Я посмотрел на него с великим интересом. Что в нем было замечательного, это какое-то странное соединение могучести и обреченности. Этот человек кулаком убил бы быка, и это в нем чувствовалось, и вовсе не чувствовалось дряблой лени, наоборот, — притаившаяся, энергичная сила. Но какая-то печаль ее убила. Вот не хочу работать! Не то что не могу, а не хочу…
Он продолжал смотреть на меня своим угрюмо-ласковым, тяжело-приятным взглядом. Поставил оба локтя на стол, подперся и смотрел прямо в глаза. И говорил голосом, который казался мягким, но от которого подтанцовывали чашки с Мацони:
— Вот она спрашивала, что ему сделают?

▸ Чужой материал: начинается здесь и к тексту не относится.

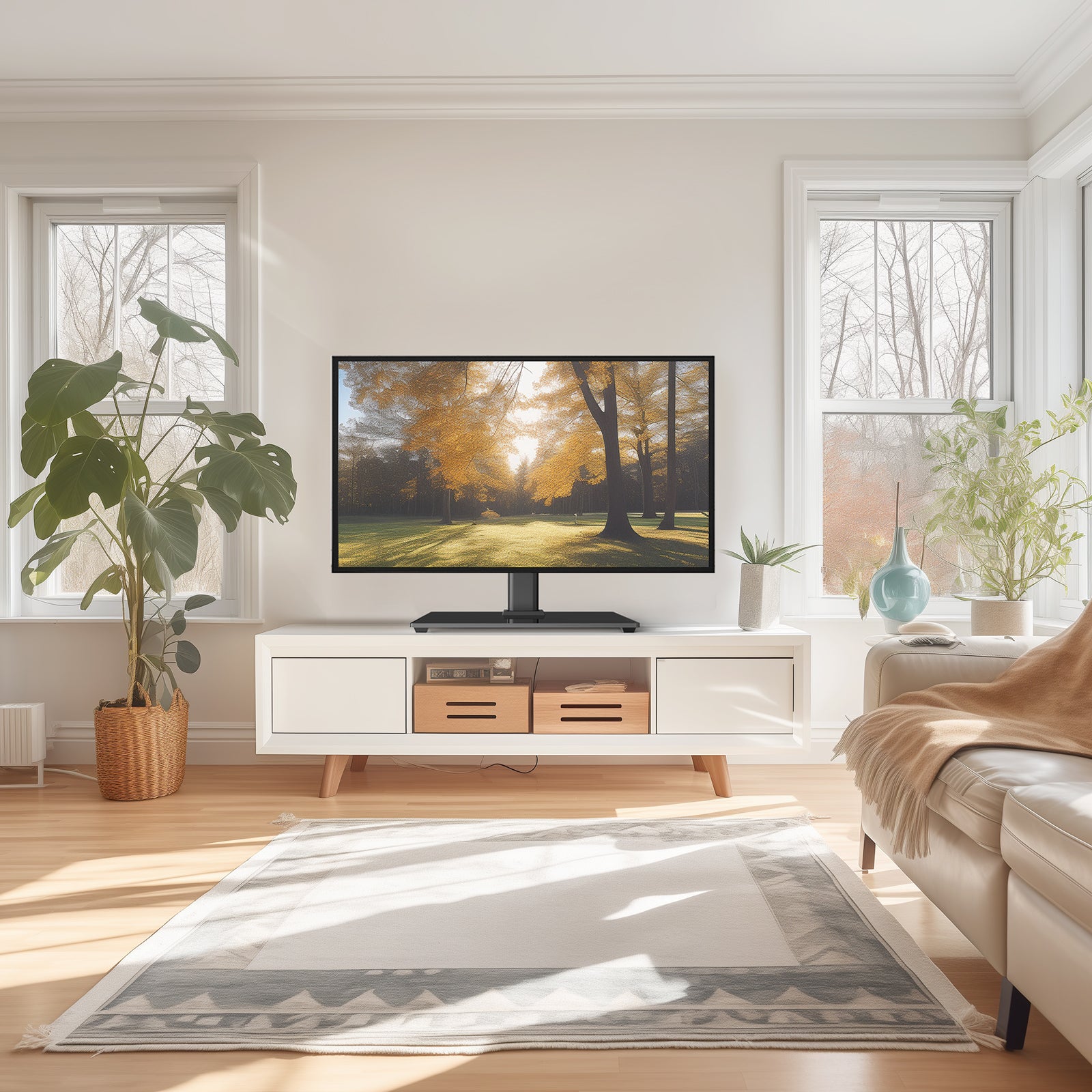Cable management on the back keeps the universal TV stand free of clutter and cables. Helping you conceal cables and keep your family safe from electrical hazards.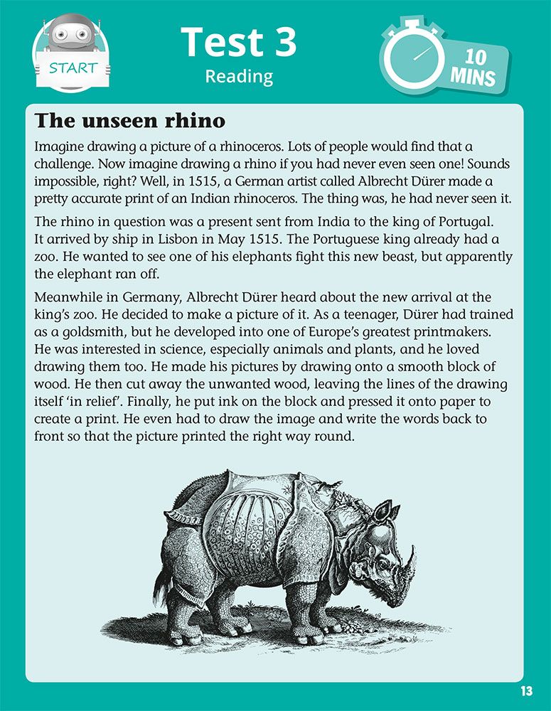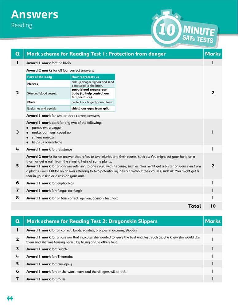 - Ten complete 10-minute reading tests covering fiction, non-fiction and poetry in National SATs format

Ничего ему не сделают. Злодею ничего не сделают. Потому — сами злодеи. Он кто? Он — из партии. А что такое партия? Кто винтовки в руки взял и друг за друга стоит — вот это и партия. И все они такие — коммунисты. Деникинцы, бандиты, штундисты — всех их перевешать! Партия! По дорогам разбойничать, а потом друг дружке помогать по тюрьмам. Вот это значит партия!
Я обратил внимание, что он в эту компанию коммунистов и бандитов включил деникинцев и штундистов. Про деникинцев я не посмел спросить, но про штундистов спросил:
— Разве штундисты тоже плохие люди? Я думал, что они только Богу молятся.
Он внимательно посмотрел на меня, как бы стараясь понять, что я это искренно. И по-видимому решив в утвердительном смысле, — сказал:
— Нет, нет, это вы не знаете… Это вы думаете, что они для церковности. Это только для виду так. А на самом деле тут все в том, чтобы партию составить. Один человек, коли разбойник, ему плохо. Сам себя выручай. А вот как разбойники соединяются, чтобы друг другу помощь давать, так это значит партия. А как называется, то это все равно. Вот эти штундистами называются. А все только видимость. Все только для того, чтобы до винтовок добраться.